Print the data exactly. Omit the pictures.

## [Data segment]
= = = = = = =
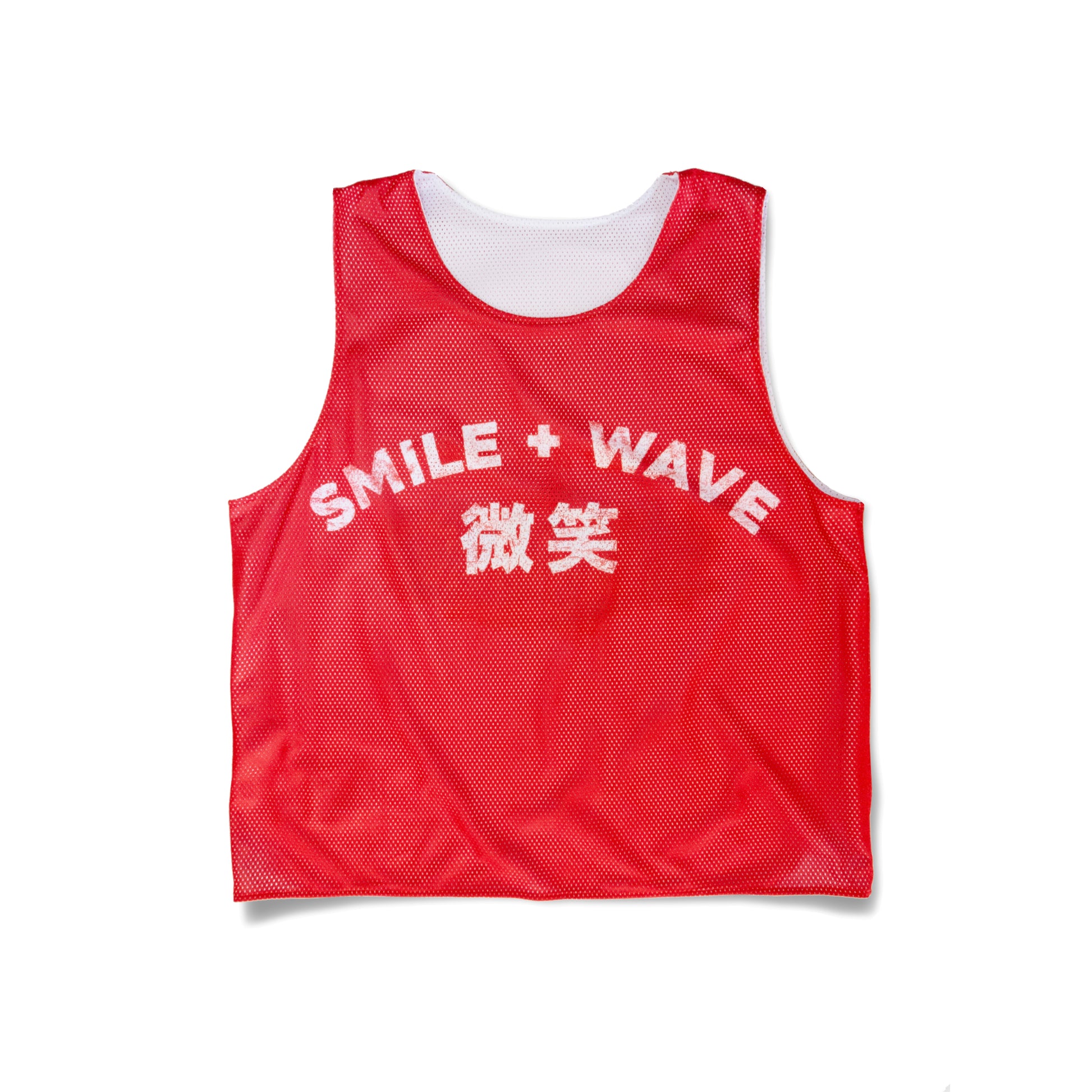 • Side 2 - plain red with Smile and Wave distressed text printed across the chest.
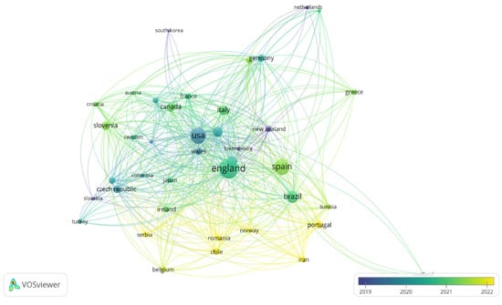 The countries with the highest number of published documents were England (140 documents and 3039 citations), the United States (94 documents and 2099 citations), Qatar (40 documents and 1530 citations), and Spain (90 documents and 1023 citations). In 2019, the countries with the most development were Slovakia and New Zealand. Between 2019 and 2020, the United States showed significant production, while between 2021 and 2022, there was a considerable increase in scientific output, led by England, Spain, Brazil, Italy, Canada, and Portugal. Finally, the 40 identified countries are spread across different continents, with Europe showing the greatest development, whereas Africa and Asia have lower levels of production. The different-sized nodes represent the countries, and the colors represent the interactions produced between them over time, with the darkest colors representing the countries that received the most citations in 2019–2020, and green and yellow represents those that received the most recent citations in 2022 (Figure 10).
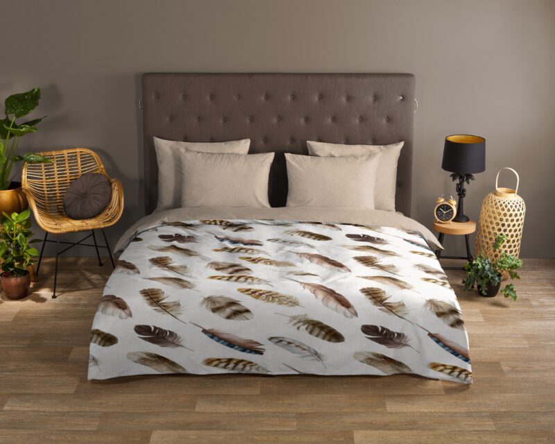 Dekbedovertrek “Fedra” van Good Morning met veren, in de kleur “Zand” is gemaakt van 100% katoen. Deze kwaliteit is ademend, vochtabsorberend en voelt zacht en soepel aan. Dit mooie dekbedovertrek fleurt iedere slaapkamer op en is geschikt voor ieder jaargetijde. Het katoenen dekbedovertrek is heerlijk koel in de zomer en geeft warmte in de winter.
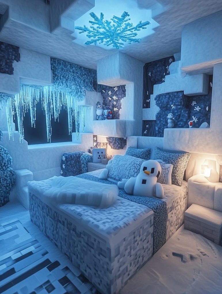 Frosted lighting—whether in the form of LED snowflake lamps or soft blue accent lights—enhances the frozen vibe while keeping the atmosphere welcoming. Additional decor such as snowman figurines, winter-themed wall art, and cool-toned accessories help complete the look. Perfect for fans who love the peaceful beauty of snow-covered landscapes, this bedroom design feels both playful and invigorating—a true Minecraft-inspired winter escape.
= = = = = = =
## [Answer]
 • Side 2 - plain red with Smile and Wave distressed text printed across the chest.
 The countries with the highest number of published documents were England (140 documents and 3039 citations), the United States (94 documents and 2099 citations), Qatar (40 documents and 1530 citations), and Spain (90 documents and 1023 citations). In 2019, the countries with the most development were Slovakia and New Zealand. Between 2019 and 2020, the United States showed significant production, while between 2021 and 2022, there was a considerable increase in scientific output, led by England, Spain, Brazil, Italy, Canada, and Portugal. Finally, the 40 identified countries are spread across different continents, with Europe showing the greatest development, whereas Africa and Asia have lower levels of production. The different-sized nodes represent the countries, and the colors represent the interactions produced between them over time, with the darkest colors representing the countries that received the most citations in 2019–2020, and green and yellow represents those that received the most recent citations in 2022 (Figure 10).
 Dekbedovertrek “Fedra” van Good Morning met veren, in de kleur “Zand” is gemaakt van 100% katoen. Deze kwaliteit is ademend, vochtabsorberend en voelt zacht en soepel aan. Dit mooie dekbedovertrek fleurt iedere slaapkamer op en is geschikt voor ieder jaargetijde. Het katoenen dekbedovertrek is heerlijk koel in de zomer en geeft warmte in de winter.
 Frosted lighting—whether in the form of LED snowflake lamps or soft blue accent lights—enhances the frozen vibe while keeping the atmosphere welcoming. Additional decor such as snowman figurines, winter-themed wall art, and cool-toned accessories help complete the look. Perfect for fans who love the peaceful beauty of snow-covered landscapes, this bedroom design feels both playful and invigorating—a true Minecraft-inspired winter escape.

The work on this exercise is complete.